A red revolution with quantum machine learning

News

Quantum-mechanical modelling and machine learning can accelerate the design of semiconductor devices, such as polychromatic LEDs based on InGaN

BY NICK PANT FROM THE UNIVERSITY OF TEXAS AT AUSTIN

At the heart of humanity’s digital revolution is device miniaturisation. Efforts began with the scaling of the transistor, shrinking at a rate described by Moore’s law. Now the LED is following suit, with these miniature marvels promising to unleash a new generation of display technologies that seamlessly blur the lines between reality and virtual reality. Due to this, there are tremendous opportunities for microLEDs in mini projectors in mobile phones, as well as in 3D near-eye glasses and other applications, where they will deliver a tremendous improvement to wearable displays. Such advancements will reshape our interactions with the digital world by influencing how we consume media, access education, and connect with our colleagues.

However, we should not get ahead of ourselves. While miniaturisation of the LED holds much promise, its execution poses significant engineering challenges.
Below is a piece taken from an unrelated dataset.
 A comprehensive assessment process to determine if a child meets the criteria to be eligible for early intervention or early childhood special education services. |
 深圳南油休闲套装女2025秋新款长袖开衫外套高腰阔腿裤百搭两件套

One of the greatest obstacles to success is related to the materials that are used to produce these emitters. Blue and green LEDs are made with InGaN quantum wells (see Figure 1 (a)), while those that emit in the red feature quantum wells made from InGaP. These two classes of semiconductors have entirely different crystal structures, with lattice constants that differ by 30 percent – for epitaxial growth, that’s an enormous disparity. Due to this, it is exceedingly difficult and expensive to create monolithic micron-scale pixels by integrating red InGaP LEDs with their green and blue InGaN cousins.



Figure 1. (a) At the heart of an InGaN LED are InGaN quantum wells, buried within a GaN p-n junction. These devices often feature an AlGaN barrier, used to prevent the overflow of electrons from the quantum well. (b) Calculated luminescence spectra of InGaN quantum wells as a function of the indium concentration, denoted above each curve, showing that the wavelength can be tuned across the visible spectrum.
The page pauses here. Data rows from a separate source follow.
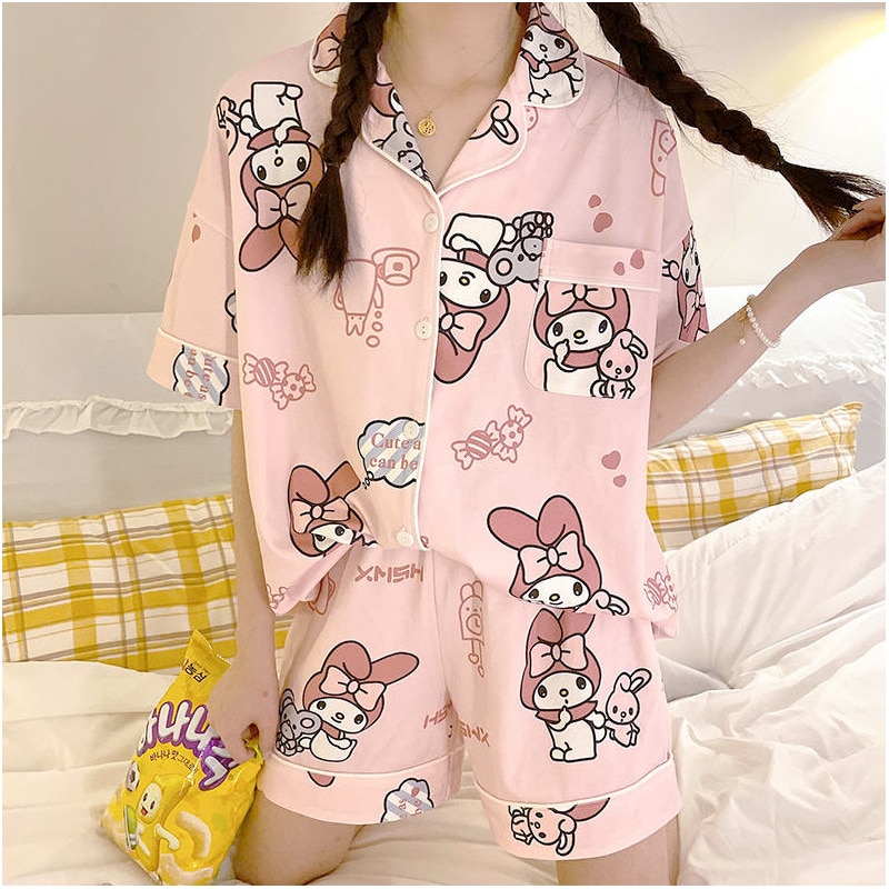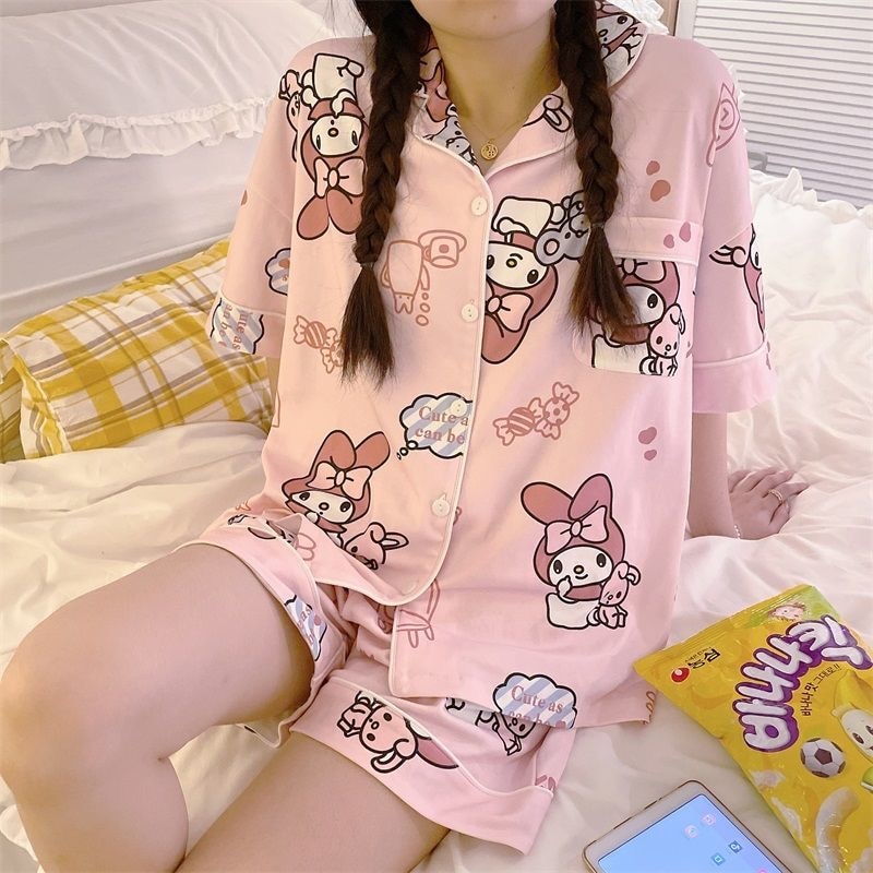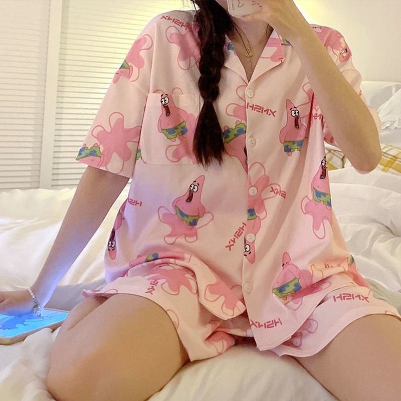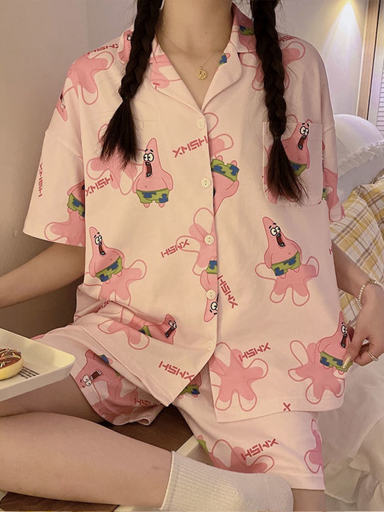 Pajama Sets SummerTurn-down Collar Short Sleeve Women Summer Cartoon Character Printed Thin Trendy Womens 2pcs Pyjamas nightgown
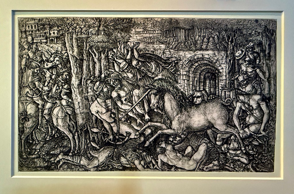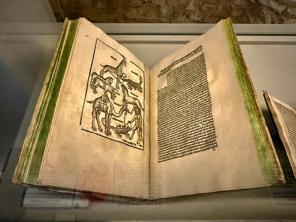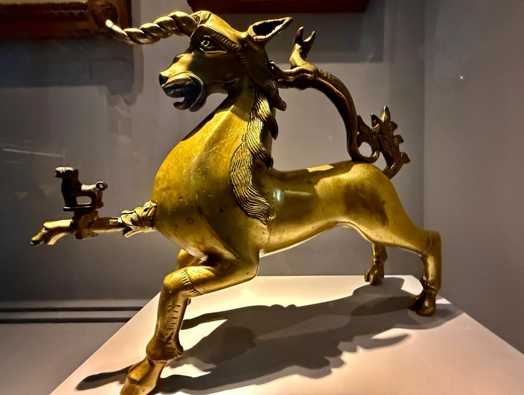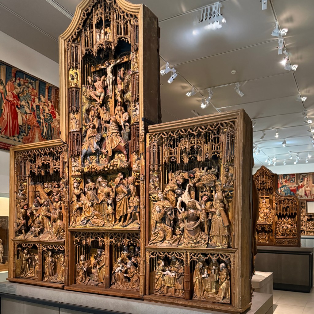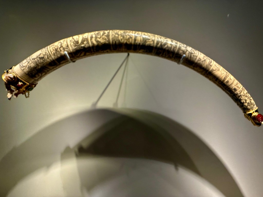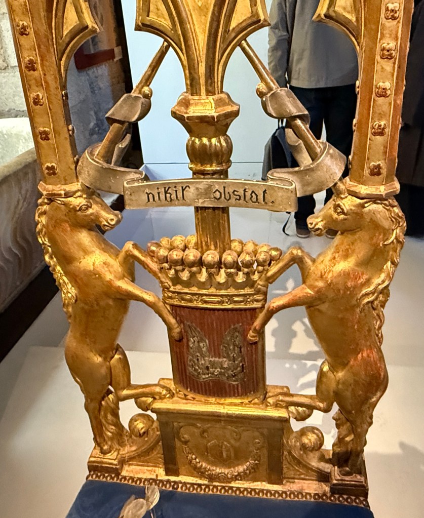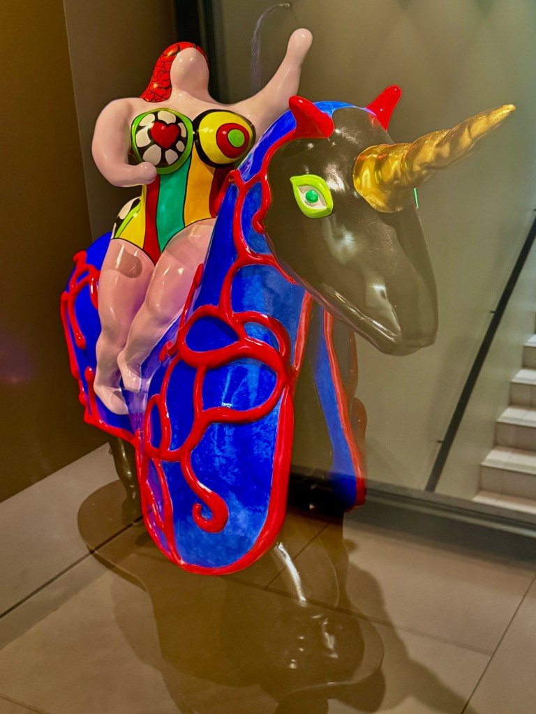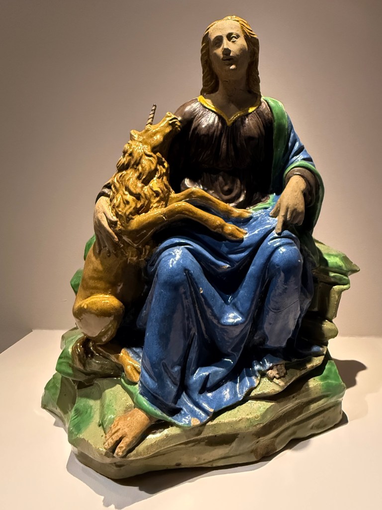 L’exposition sur les Licornes tien en quelques salles et n’est que l’ombre de celle qui a eu lieu en Allemagne. On y apprend que la Licorne est un symbole de pureté, qu’elle est à la fois une métaphore de Jésus et un symbole de courage. On y apprend que si on n’en trouve guère, c’est qu’elles n’on pas pu monter sur l’Arche de Noé. On y voit la canne de Talleyrand, faite d’une dent de narval. On voit qu’elle est universelle et hésite entre être parente de la chèvre ou du cheval.
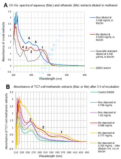 (A) UV-Vis spectra of crude aqueous extract (Mac), crude ethanolic extract (Me) and purified aglycone quercetin from Sigma, diluted in methanol at the indicated concentrations for absorbance measurement. Absorption maxima characteristic of: (1) B-ring absorption (band I) of flavonols (glycosylated Q, 3-O-MQ) and flavones (Lu); (2) hydroxycinnamic acid shoulder, flavanones, all phenolic compounds; (3) shoulder for most flavonols and flavones; (4) A-ring absorption (Band II) of flavonols, flavones; (5) hydroxycinnamic acids; (6) hydroxybenzoic acids and flavanols. (B) UV-Vis spectra of TC7-cell methanolic extracts after 3 h incubation with control DMEM, Mac or Me mixtures deposed at the indicated concentrations in TC7-cell apical media.

An alternative way forward is to produce red, green and blue LEDs with one material system. Take this route and there’s only one choice, InGaN – it is the only commercially proven semiconductor with a bandgap that can be compositionally tuned across the entire visible spectrum. To propel its emission to longer wavelengths, engineers have to increase the indium content in the well, as this narrows the bandgap (see Figure 1 (b)). Producing an all-InGaN polychromatic pixel is viewed as the holy grail of microLED research, because it circumvents all the difficulties associated with integrating InGaP with InGaN.

Unfortunately, the light-emission efficiency of InGaN plummets with increasing wavelength. For even the best red LEDs, more than 80 percent of the current is dissipated as heat. Consequently, it is essential to uncover the mechanistic origins of InGaN’s performance, as this promises to unlock the door to realising efficient polychromatic microLEDs.

As mechanistic insights into fundamental material bottlenecks are difficult to access experimentally, quantum mechanical calculations prove invaluable. This is the approach that I adopted as a doctoral candidate at the University of Michigan, developing quantum-mechanical methods to computationally model the performance bottlenecks of InGaN LEDs. These efforts, involving solving Schrödinger’s and Poisson’s equations for electrons and holes, have provided predictions based on first principles on how these carriers recombine to produce light in realistic LED structures.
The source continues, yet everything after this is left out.